▶ _WHAT YOU SHOULD DO_
Start the copy at the line containing "超级激动!罗德里稳住军心,瓜迪奥拉疯狂挥舞双拳,忘情庆祝!" and run it through the last line of the records. Repeat each line exactly; omit pictures.

▶ _MATERIAL FOR THIS EXERCISE_
==================================================

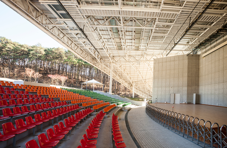 동탄1지구 중심부, 동탄복합문화센터 내에 자리한 전문 야외공연장 입니다. 607석 규모의 편안한 고정 좌석과 잔디밭을 활용한 개방형 공간이 조화를 이루어,
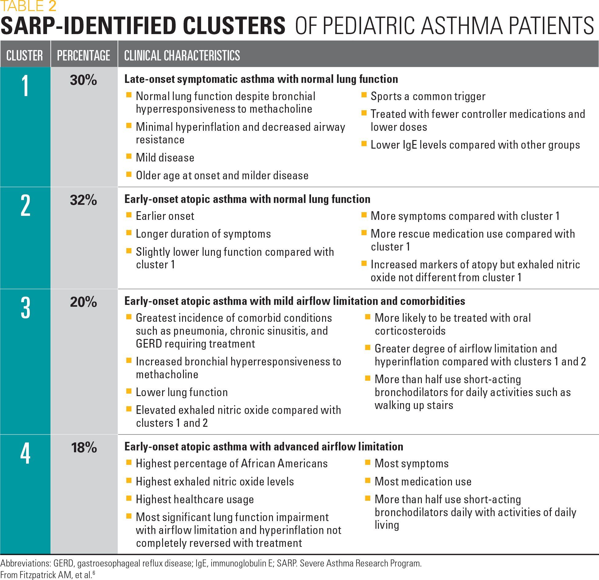 Through characterization procedures that include questionnaires, spirometry, skin testing, blood testing such as IgE levels, and methacholine testing, SARP identified 3 variables (asthma duration, the number of asthma controller medications, and baseline forced expiratory volume (FEV) 1 percent predicted values) that were able to cluster pediatric asthma patients into 4 groups. See Table 2 for these classifications. Further emphasizing the heterogeneity of asthma, severe asthma was identified in all 4 clusters. Identifying such “phenotypes” allows for the potential of tailoring treatment strategies toward the unique characteristics of that group’s pathophysiology. Of concern to the pediatrician, these phenotypes cross definitions of asthma severity in the current asthma guidelines.6
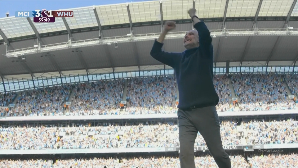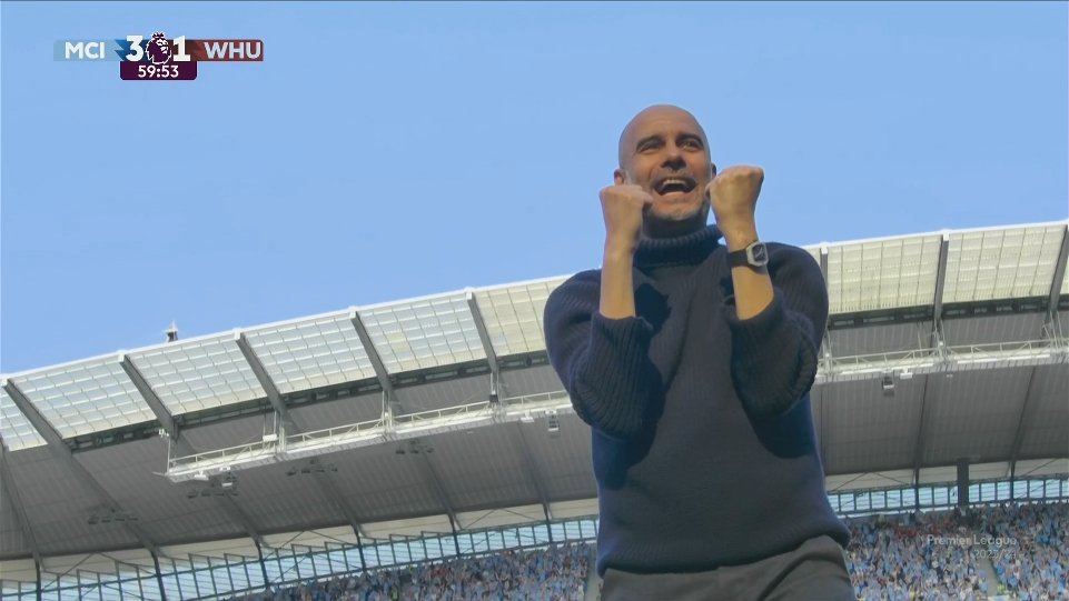 超级激动!罗德里稳住军心,瓜迪奥拉疯狂挥舞双拳,忘情庆祝!
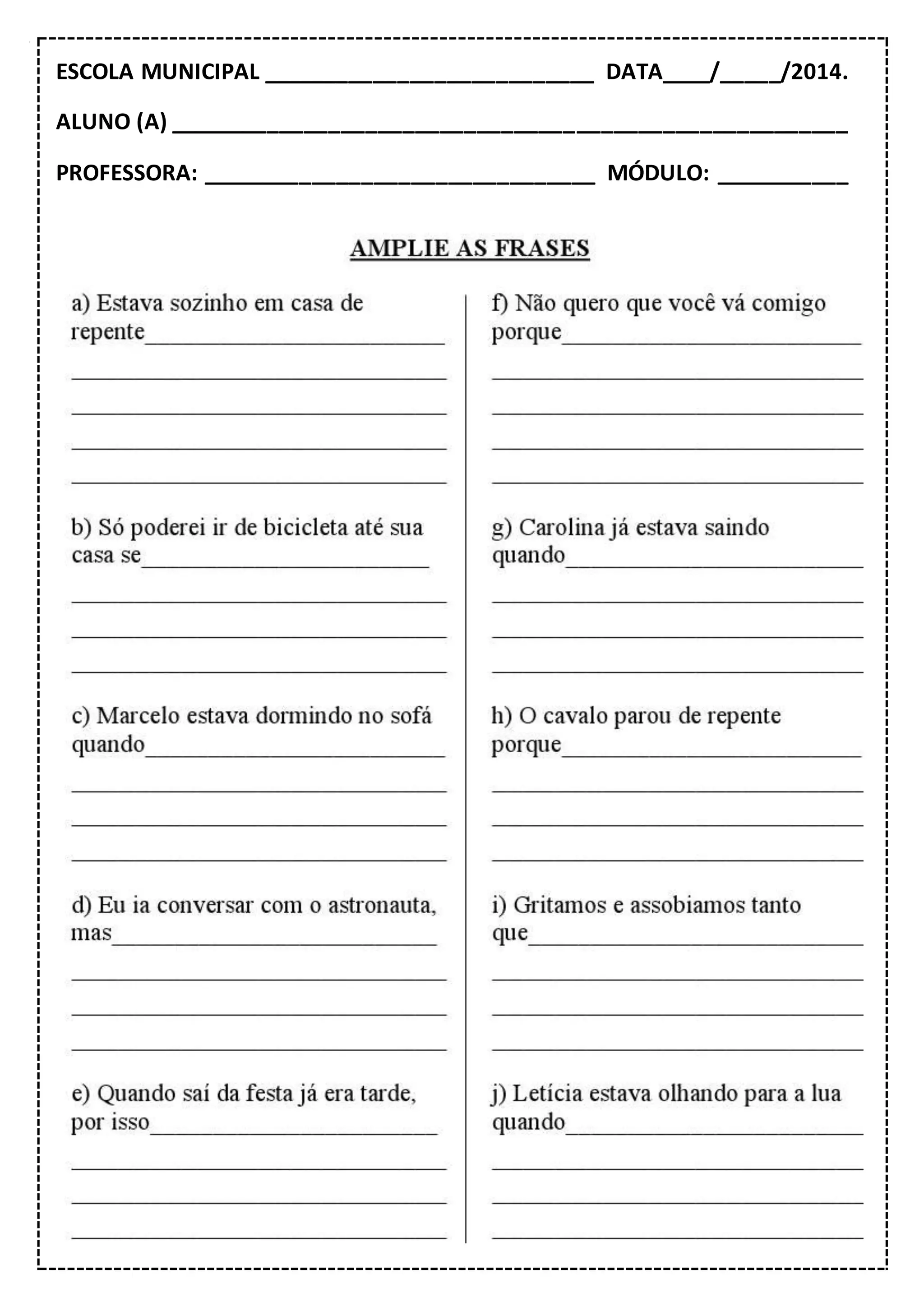 This Portuguese document appears to be a student's report card from a municipal school with the date, student's name, teacher's name, and module/class listed. It provides basic identifying information for a student in a particular class and school.
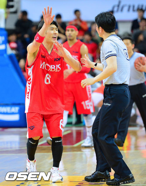 17일 오후 울산 동천체육관에서 열린 '2012-2013 KB국민카드 프로농구 챔피언결정 4차전 울산 모비스와 서울 SK의 경기, 2쿼터 종료 후 모비스 양동근이 심판에게 어필하고 있다
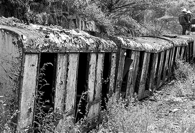 | 井下運送工人的人車被風吹雨淋已是漆片爆裂,銹跡斑斑。

==================================================

▶ _ANSWER TO THIS TASK_
 超级激动!罗德里稳住军心,瓜迪奥拉疯狂挥舞双拳,忘情庆祝!
 This Portuguese document appears to be a student's report card from a municipal school with the date, student's name, teacher's name, and module/class listed. It provides basic identifying information for a student in a particular class and school.
 17일 오후 울산 동천체육관에서 열린 '2012-2013 KB국민카드 프로농구 챔피언결정 4차전 울산 모비스와 서울 SK의 경기, 2쿼터 종료 후 모비스 양동근이 심판에게 어필하고 있다
 | 井下運送工人的人車被風吹雨淋已是漆片爆裂,銹跡斑斑。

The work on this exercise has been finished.